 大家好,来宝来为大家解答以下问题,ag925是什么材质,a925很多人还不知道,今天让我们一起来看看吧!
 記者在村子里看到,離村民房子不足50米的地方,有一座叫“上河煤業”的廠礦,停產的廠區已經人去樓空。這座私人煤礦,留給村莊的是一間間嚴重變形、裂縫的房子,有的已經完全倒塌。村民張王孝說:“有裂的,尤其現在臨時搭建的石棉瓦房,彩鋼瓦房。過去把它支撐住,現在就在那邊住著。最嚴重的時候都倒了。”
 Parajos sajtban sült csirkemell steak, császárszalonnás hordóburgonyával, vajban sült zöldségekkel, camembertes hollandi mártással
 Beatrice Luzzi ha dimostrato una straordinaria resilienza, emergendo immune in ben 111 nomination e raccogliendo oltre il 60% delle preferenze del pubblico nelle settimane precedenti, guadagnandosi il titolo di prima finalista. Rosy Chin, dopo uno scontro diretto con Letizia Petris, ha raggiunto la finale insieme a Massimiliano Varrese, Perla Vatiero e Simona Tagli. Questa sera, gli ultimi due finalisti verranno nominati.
==
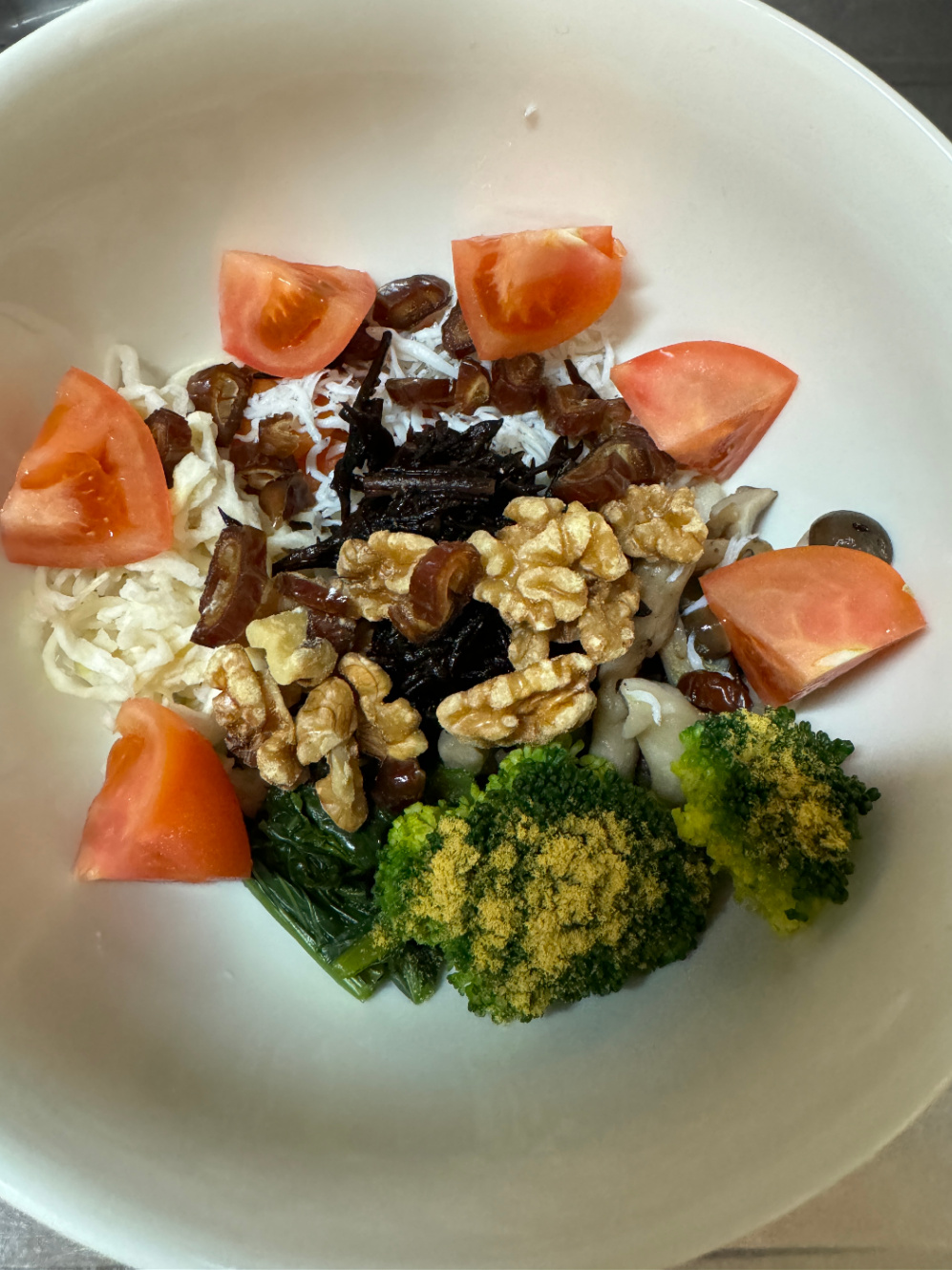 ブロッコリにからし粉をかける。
* * *
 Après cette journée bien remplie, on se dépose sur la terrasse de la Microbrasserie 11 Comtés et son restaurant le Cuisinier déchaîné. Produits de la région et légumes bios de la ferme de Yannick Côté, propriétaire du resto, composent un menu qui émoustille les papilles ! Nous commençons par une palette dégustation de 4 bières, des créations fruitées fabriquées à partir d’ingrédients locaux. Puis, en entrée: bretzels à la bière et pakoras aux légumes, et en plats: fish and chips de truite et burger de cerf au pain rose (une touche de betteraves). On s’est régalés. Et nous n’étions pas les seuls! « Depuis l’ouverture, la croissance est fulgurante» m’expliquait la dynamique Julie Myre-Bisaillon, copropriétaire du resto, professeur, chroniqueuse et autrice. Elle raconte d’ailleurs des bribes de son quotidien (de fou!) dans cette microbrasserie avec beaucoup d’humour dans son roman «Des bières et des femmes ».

## [ABOUT THIS EXERCISE]
Would you please copy, word for word, everything above from the line containing "Parajos sajtban sült" down to the line containing "Beatrice Luzzi ha", those two lines included?

## [RESULT OF THIS TASK]
 Parajos sajtban sült csirkemell steak, császárszalonnás hordóburgonyával, vajban sült zöldségekkel, camembertes hollandi mártással
 Beatrice Luzzi ha dimostrato una straordinaria resilienza, emergendo immune in ben 111 nomination e raccogliendo oltre il 60% delle preferenze del pubblico nelle settimane precedenti, guadagnandosi il titolo di prima finalista. Rosy Chin, dopo uno scontro diretto con Letizia Petris, ha raggiunto la finale insieme a Massimiliano Varrese, Perla Vatiero e Simona Tagli. Questa sera, gli ultimi due finalisti verranno nominati.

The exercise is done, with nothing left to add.